**Exercise goal**. Nothing but a verbatim copy of the data, minus the images, should be returned.

Saved entries

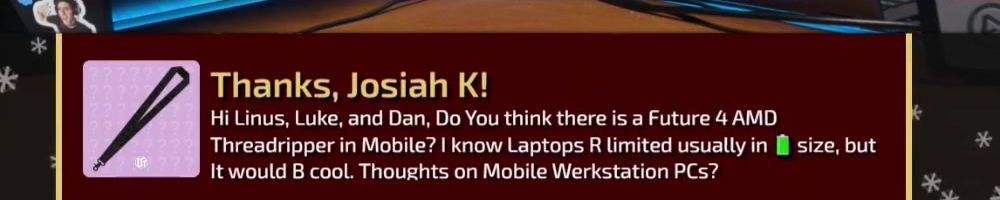Hi Linus, Luke, and Dan, Do You think there is a Future 4 AMD Threadripper in Mobile? I know Laptops R limited usually in 🅰 size, but it would B cool. Thoughts on Mobile Werkstation PCs?
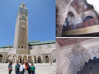 Reunidos todos poco antes de la hora prevista en el Marina Lounge, a la 01:30 en punto de la tarde salimos en fila con otros participantes del crucero hacia el autobús No. 24 donde el guía local nos lleva a un City Tour por los lugares más emblemáticos de Casablanca, y por supuesto, estando cerca del puerto sobre un promontorio artificial en la playa atlántica, comenzar la visita por la Gran Mezquita de HASSAN II, en un día bien soleado y con clima mediterráneo, no sin antes mostrarnos a nuestra izquierda el Ricks Café , inspirado en la película "Casablanca", protagonizada Humphrey Bogart e Ingrid Bergman en 1942, restaurante copiado por una norteamericana fanática del cine, Kathy Kruger, una antigua diplomática estadounidense y que bien me hubiera gustado bajar a tomar un vinito, pero quedará para otra ocasión, quizás cuando vuelva con mis hijos y nietos .
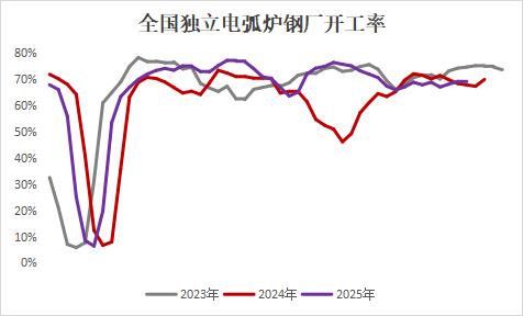 据Mysteel本周电弧炉钢厂利润有所恢复,谷电逐渐开始盈利。部分钢厂考虑到利润回升,主动选择复产或增加生产时间,提高生产饱和度。全国独立电弧炉钢厂开工率持平于69.13%,产能利用率微幅上升1.16个百分点至52.73%,同比降幅收窄至0.78%。
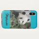 Este duro funda para el iPhone X es parte de nuestra colección "Pandas Gigantes", que incluye artículos de cocina a juego, otros regalos, tarjetas de felicitación y papel de envoltura. Qué maravilloso complemento para tu nuevo iPhone. Un regalo maravilloso para los amantes del panda. Este estilo tiene un fondo azul. Tipografía divertida. Foto original de Marcia Socolik, tomada en Chengdu, China. Todos los derechos reservados © 2017 Alan & Marcia Socolik.
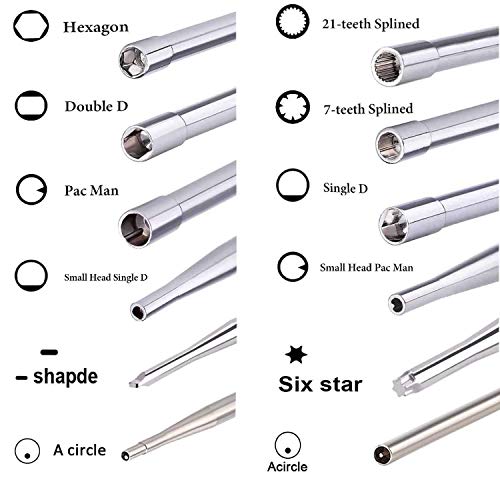 Il kit di strumenti di regolazione del carburatore da 12 pezzi viene fornito con strumento scanalato a 21 denti + a 7 denti + singolo D + testa piccola singola D + doppio D + Pac Man + testa piccola Pac Man + esagonale + forma A circolare + strumento piccolo circolare ad A, sei stelle, per regolare facilmente il tuo piccolo motore a 2 cicli
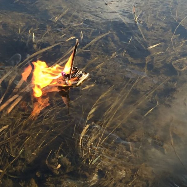 He built the fish a tiny ship loaded with matches in order to provide him with a proper viking funeral and the result was perfect for helping him to rise up to Valhalla. Oddly, this is not the first viking funeral for fishes we've seen.
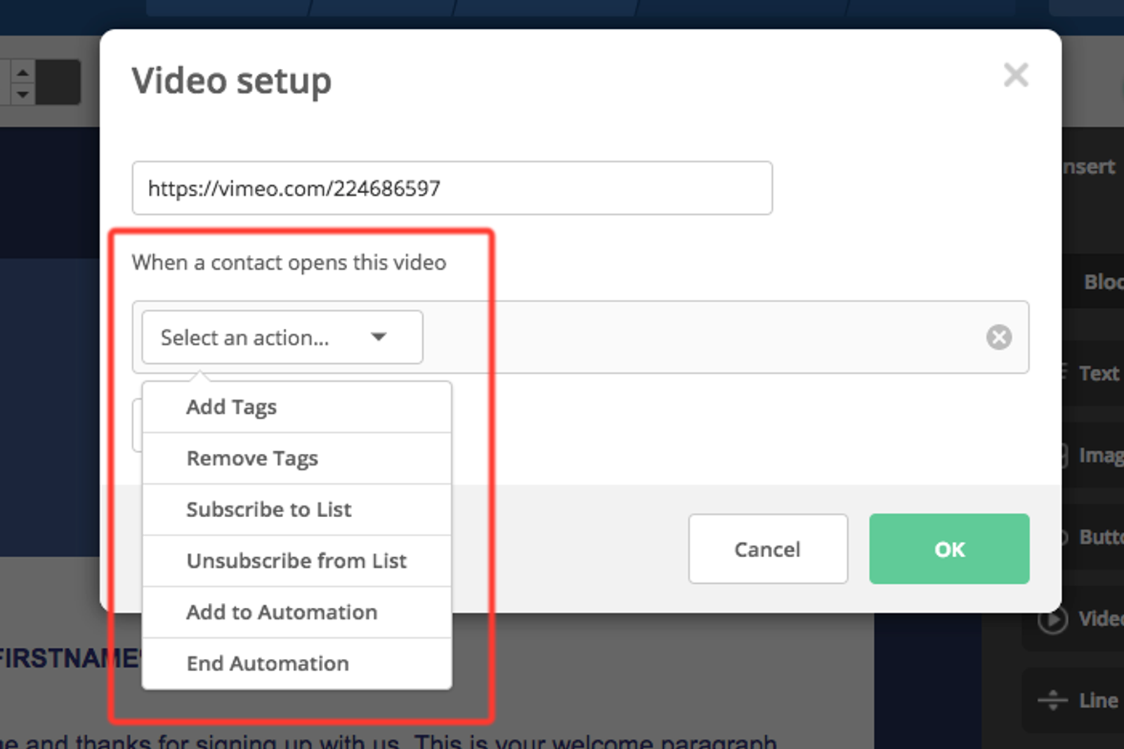 When a contact views your video, ActiveCampaign can automatically add tags, subscribe them to a list, add them to a new automation, and more.
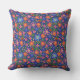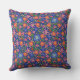 Folk Art Style Floral Pattern on Royal Blue Cushion

**Response below**.
Hi Linus, Luke, and Dan, Do You think there is a Future 4 AMD Threadripper in Mobile? I know Laptops R limited usually in 🅰 size, but it would B cool. Thoughts on Mobile Werkstation PCs?
 Reunidos todos poco antes de la hora prevista en el Marina Lounge, a la 01:30 en punto de la tarde salimos en fila con otros participantes del crucero hacia el autobús No. 24 donde el guía local nos lleva a un City Tour por los lugares más emblemáticos de Casablanca, y por supuesto, estando cerca del puerto sobre un promontorio artificial en la playa atlántica, comenzar la visita por la Gran Mezquita de HASSAN II, en un día bien soleado y con clima mediterráneo, no sin antes mostrarnos a nuestra izquierda el Ricks Café , inspirado en la película "Casablanca", protagonizada Humphrey Bogart e Ingrid Bergman en 1942, restaurante copiado por una norteamericana fanática del cine, Kathy Kruger, una antigua diplomática estadounidense y que bien me hubiera gustado bajar a tomar un vinito, pero quedará para otra ocasión, quizás cuando vuelva con mis hijos y nietos .
 据Mysteel本周电弧炉钢厂利润有所恢复,谷电逐渐开始盈利。部分钢厂考虑到利润回升,主动选择复产或增加生产时间,提高生产饱和度。全国独立电弧炉钢厂开工率持平于69.13%,产能利用率微幅上升1.16个百分点至52.73%,同比降幅收窄至0.78%。
 Este duro funda para el iPhone X es parte de nuestra colección "Pandas Gigantes", que incluye artículos de cocina a juego, otros regalos, tarjetas de felicitación y papel de envoltura. Qué maravilloso complemento para tu nuevo iPhone. Un regalo maravilloso para los amantes del panda. Este estilo tiene un fondo azul. Tipografía divertida. Foto original de Marcia Socolik, tomada en Chengdu, China. Todos los derechos reservados © 2017 Alan & Marcia Socolik.
 Il kit di strumenti di regolazione del carburatore da 12 pezzi viene fornito con strumento scanalato a 21 denti + a 7 denti + singolo D + testa piccola singola D + doppio D + Pac Man + testa piccola Pac Man + esagonale + forma A circolare + strumento piccolo circolare ad A, sei stelle, per regolare facilmente il tuo piccolo motore a 2 cicli
 He built the fish a tiny ship loaded with matches in order to provide him with a proper viking funeral and the result was perfect for helping him to rise up to Valhalla. Oddly, this is not the first viking funeral for fishes we've seen.
 When a contact views your video, ActiveCampaign can automatically add tags, subscribe them to a list, add them to a new automation, and more.
 Folk Art Style Floral Pattern on Royal Blue Cushion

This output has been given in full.